Don’t be afraid to write a little, leave it, and come back. This is how most writers work. And it’s also pretty much a necessity if you’re the primary caretaker of your little one.
“It took me about 2 months to write my birth story. I exclusively breastfed my daughter, so feeding her was a very demanding part of my life. Not to mention sleeping, diapers, showering, etc. I took every chance I could to type, doing most of it one-handed!” – Debbie W.
6. Consider who you are writing the story for.
Is it for your child? Your partner? Other women? Or for yourself? This is an easy way to narrow down the focus of this unwieldy task, as it guides the language you use and the details you include.
7. Aak others what they remember.
“…[W]hat I love most is hearing of my births from someone else’s POV… it’s so strange to hear things you don’t remember, but awesome, too.” – Rachel H.
“…[A]s a birth doula I often write up a story for the couples I work with. I note times and major events in the birth, to give the mom a framework to insert her own memories and experiences… I also write down funny moments, jokes, or things that make their birth unique. And I describe from my perspective [the] moments of beauty or tenderness that stick out to me.” – Michelle H.L.
It can be interesting and valuable to hear what other people experienced while you were giving birth. You may want to ask your midwife, OB, or doula. Your partner themselves may want to write or contribute to the story of their child’s birth.
8. Let it go.
“I even printed it out and placed it in my daughter’s baby book so she can look back and read about the day she was born.” – Jennifer C. (read her birth story here)

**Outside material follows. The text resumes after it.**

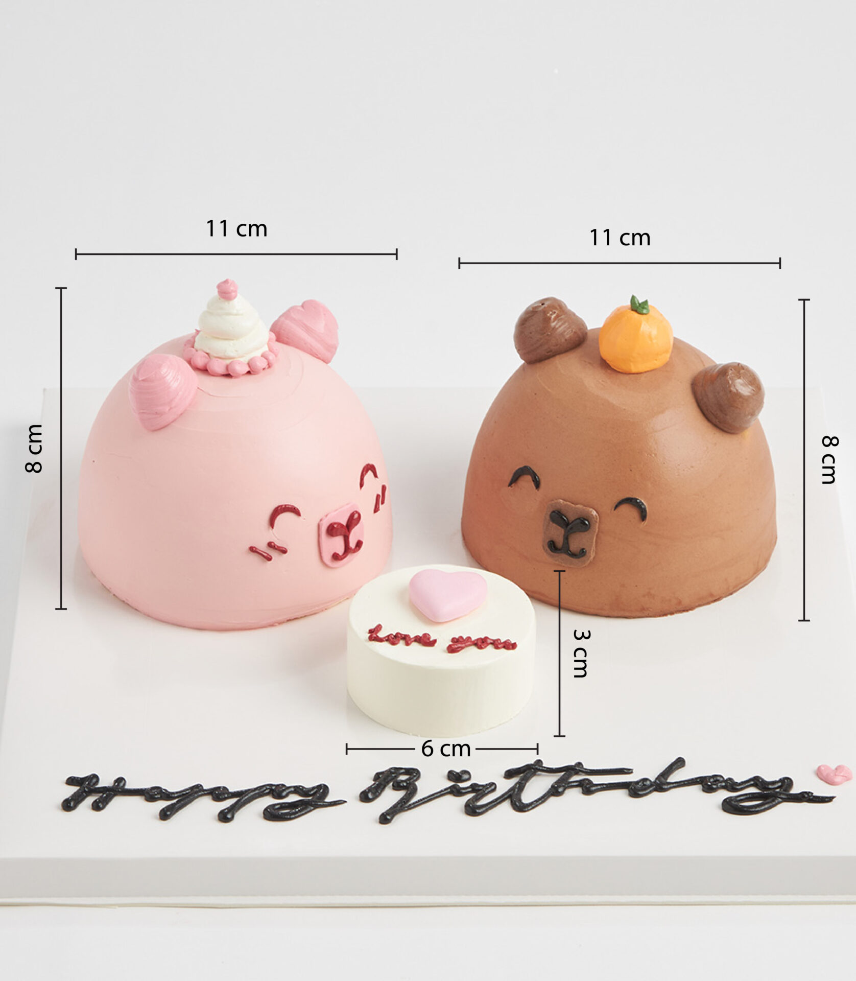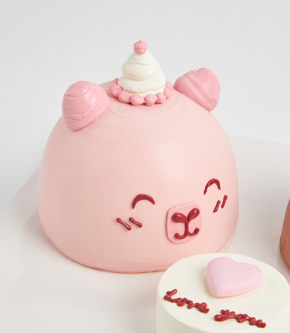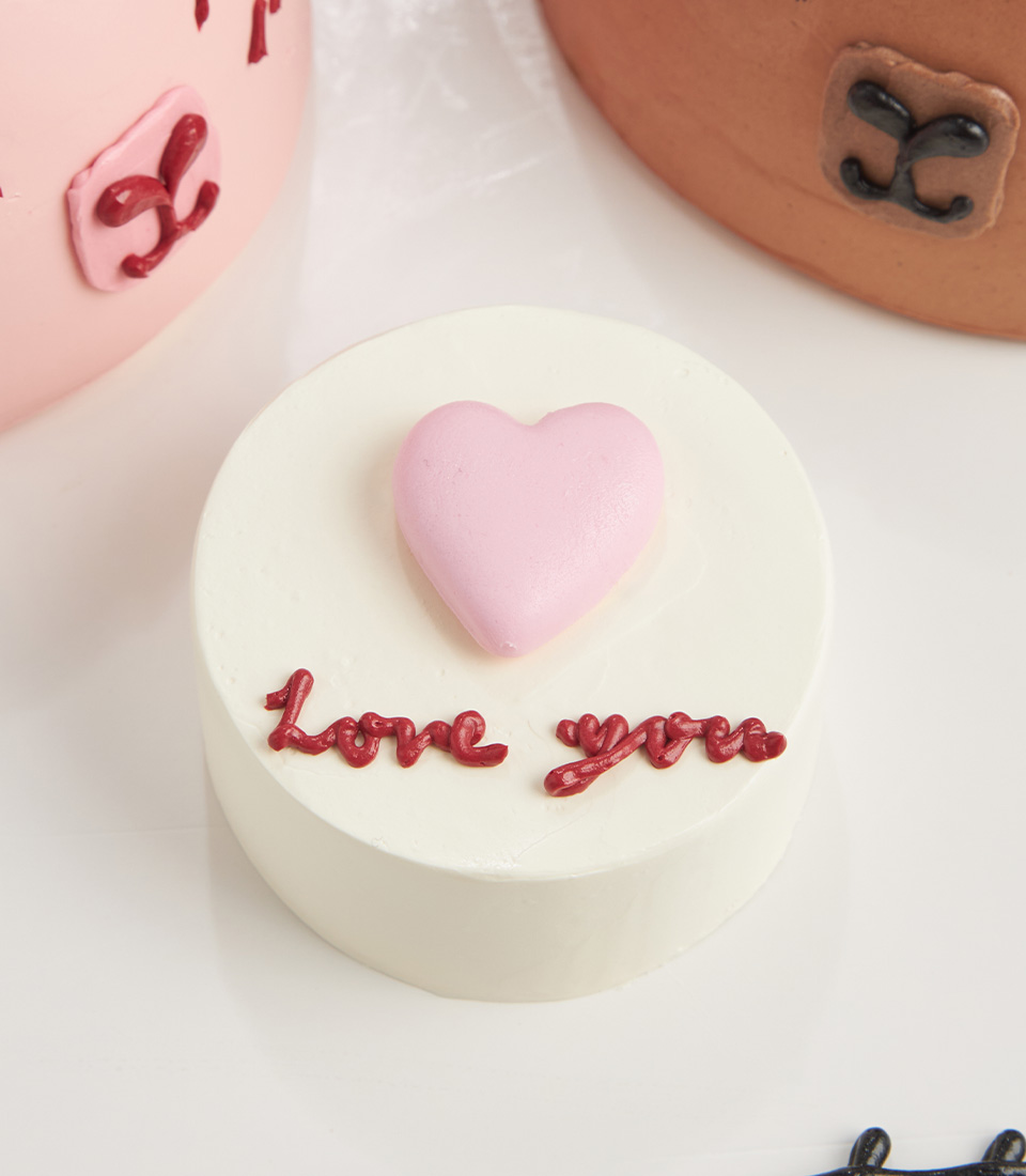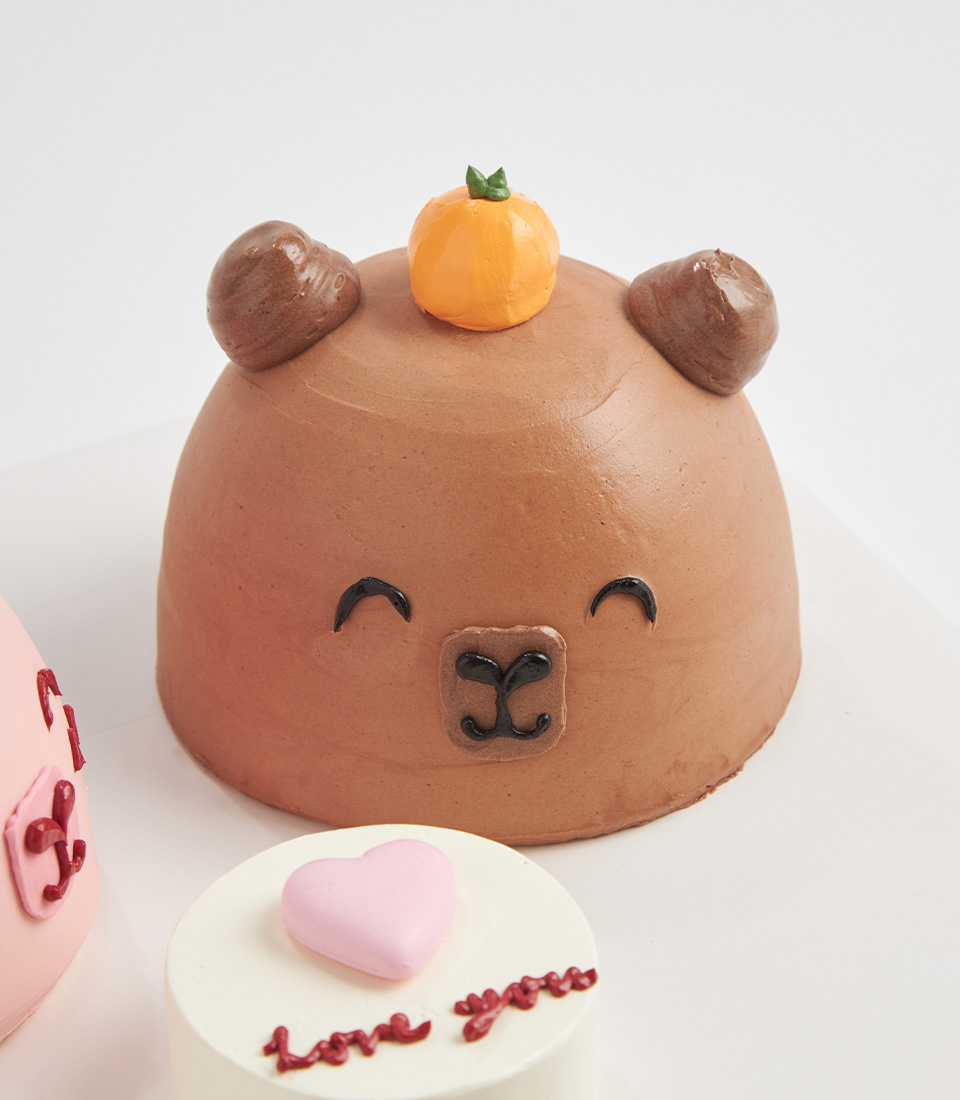 Little Bear Mini Cakes Fall in love with these adorable mini dome cakes, each topped with a sweet pink bear and a cuddly brown bear, finished in smooth buttercream. At the center, a lovely cake says “Love You” — the perfect treat for birthdays, anniversaries, or surprise moments.

When you have finished writing and editing your story, consider doing something to bring conclusion to the process. If your birth was traumatic, the concluding element is an important one. Burning, burying, and casting out into the sea are all ways to allow the story to leave your body. On a less cathartic note, some mothers find resolution through publishing their stories online; for others, printing and having it bound is a way to finish the task and preserve the story for future generations.

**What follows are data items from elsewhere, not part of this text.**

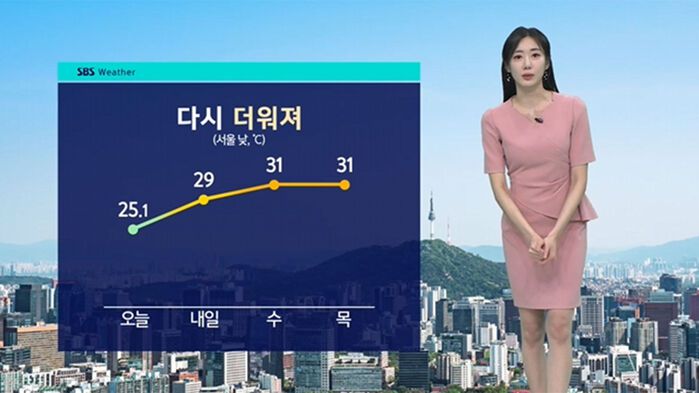 서울이 29도 예상되고 모래와 글피는 31도까지 오르겠습니다.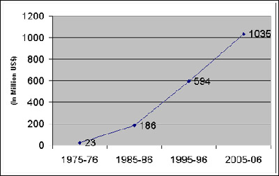 在19世紀40年代末,印度獨立時,該國鞋類出口量僅有1000000 盧比。在接下來的50多年,鞋類出口增長了近百倍,并在隨后的20年里,80年代初期鞋,鞋類出口值增加了一倍,緊接著,印度鞋產品出量在十年間,增長了30多倍。但是,在1991年蘇聯解體時,印度鞋類出口步伐放緩。工廠逐步調整,以適應新的環境,使得鞋類出口恢復了其先前的勢頭,今天,印度的鞋類出口價值已經達到1035000000美元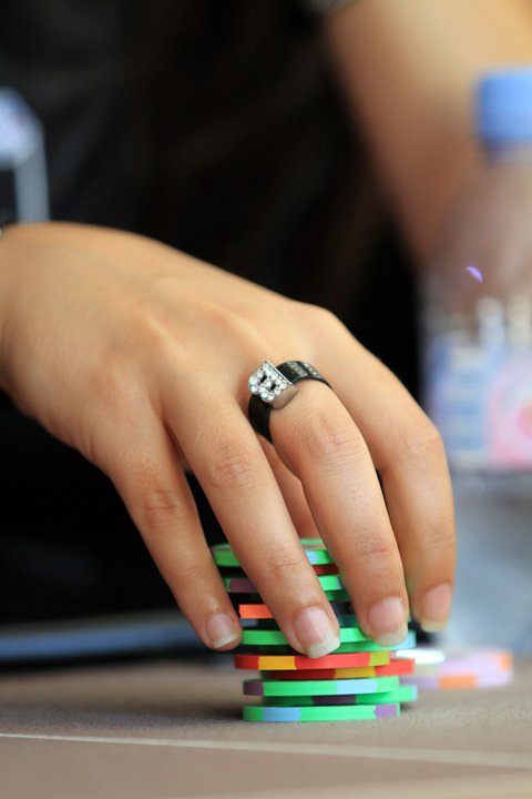 Mon objectif reste la belle, la grande, l’unique perf, comme tous les joueurs de poker. Je vais faire les championnats du monde des Ladies, que je prends d’ailleurs comme un tournoi identique aux autres. Juste un petit mot. Au poker il n’y a pas de femmes, pas d’hommes, pas de grands ni de petits, il n’y a que des joueurs, motivés par la gagne. Si les hommes ont toujours des préjugés contre les femmes, tant mieux. Mais j’avoue que de mon côté, ce que l’on peut lire ou entendre (machisme etc…), je ne l’ai pas vécu! Les hommes m’ont toujours respectée et bien accueillie à table. En revanche il faut apprendre à jouer contre les femmes comme il faut savoir manoeuvrer les hommes. Poker is poker. Et souvenez-vous d’une chose : au poker, on joue pour de l’argent. C’est le milieu qui veut cela. Si vous l’oubliez, vous êtes perdu. Dernière chose, sur mon signe fétiche Indalo. Oui, il est présent sur moi, toujours en tournoi. N’allez pas vous imaginer un tatouage au creux de mon épaule… C’est un petit bijou.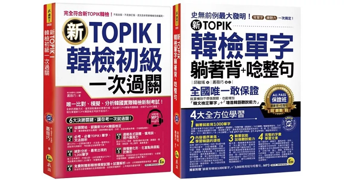 我識出版社了解考生們的需求,特邀請兩位「韓檢補教名師」邱敏瑤、叢薇巧老師,為你量身打造韓檢初級系列書,只要認真唸完這兩本書,並熟練老師在書中傳授的技巧,就有機會輕鬆考過韓檢初級!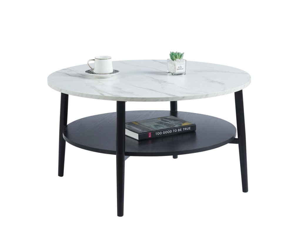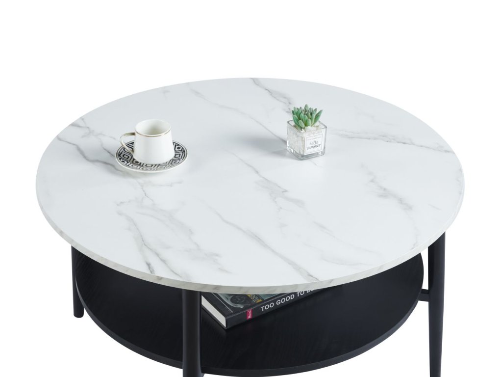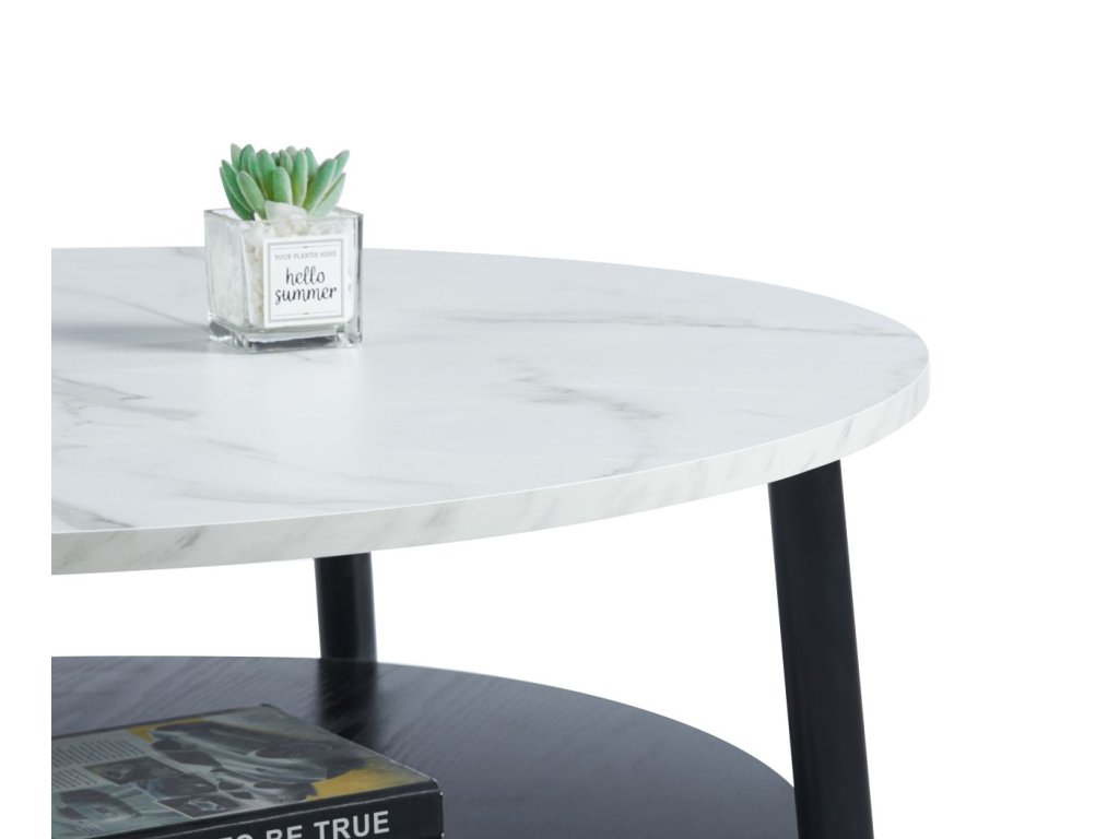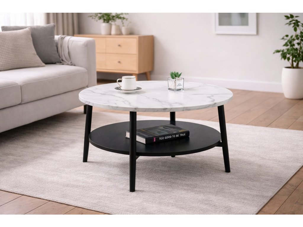 Díky dvouúrovňovému řešení nabízí stolek dostatek prostoru pro každodenní používání. Horní deska je ideální pro kávu, dekorace či občerstvení, zatímco spodní police v černém provedení poskytuje praktický úložný prostor pro knihy, časopisy nebo ovladače. Kulatý tvar zároveň zjemňuje interiér a umožňuje pohodlné umístění i do menších obýváků.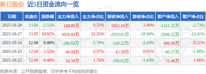 证券之星消息,截至2025年10月28日收盘,新日股份(603787)报收于13.6元,下跌2.51%,换手率13.67%,成交量31.47万手,成交额4.44亿元。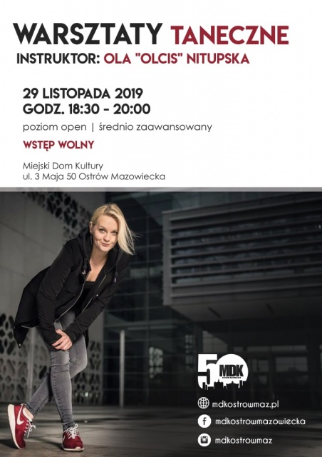 Warsztaty taneczne z Olą "Olcis" Nitupską odbędą się 29 listopada 2019 w godz. 18:30 - 20:00 w MDK przy ul. 3 Maja 50. Wstęp wolny.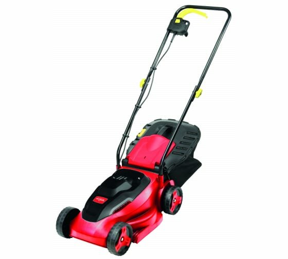 | Плюсы: | простота управления, легкая косилка, наличие травосборника. |

So, in the end, did I write my son’s birth story? Yes. Is it finished, perfected, in more than a piece-meal draft phase? No. But when it is, I’ll let you know.
2 Comments
Jessie
I love reading all the birth stories on here and just about squee with delight when I get an email in my inbox from Birth Without Fear. I have 3 children, 2 hospital births, both medicated and my 2nd with intervention (vacuum and episiotomy) and my 3rd was a home water birth. I have shared my story with people, written out parts of it and given a brief overview too but never have I written a proper birth story for any of my kids and neither do I feel the urge to do so. 🙂 I love that women are encouraged to share their stories, positive and negative, vaginal or caesarean, augmented, medicated or wholly natural and I love reading them all. I just want to add though that I believe it is ok NOT to write a birth story too. 🙂
Erin Jacklin
Thank you for this lovely post! I run a group psychology practice where we all with new mothers and women experiencing perinatal mood disorders and I am going to pass this wonderful post along to them and will repost it on our blog. We are going to start offering a birth circle group for new moms to share their birth stories in a safe place, and I will definitely share some of your advice with our participants. Thank you for sharing!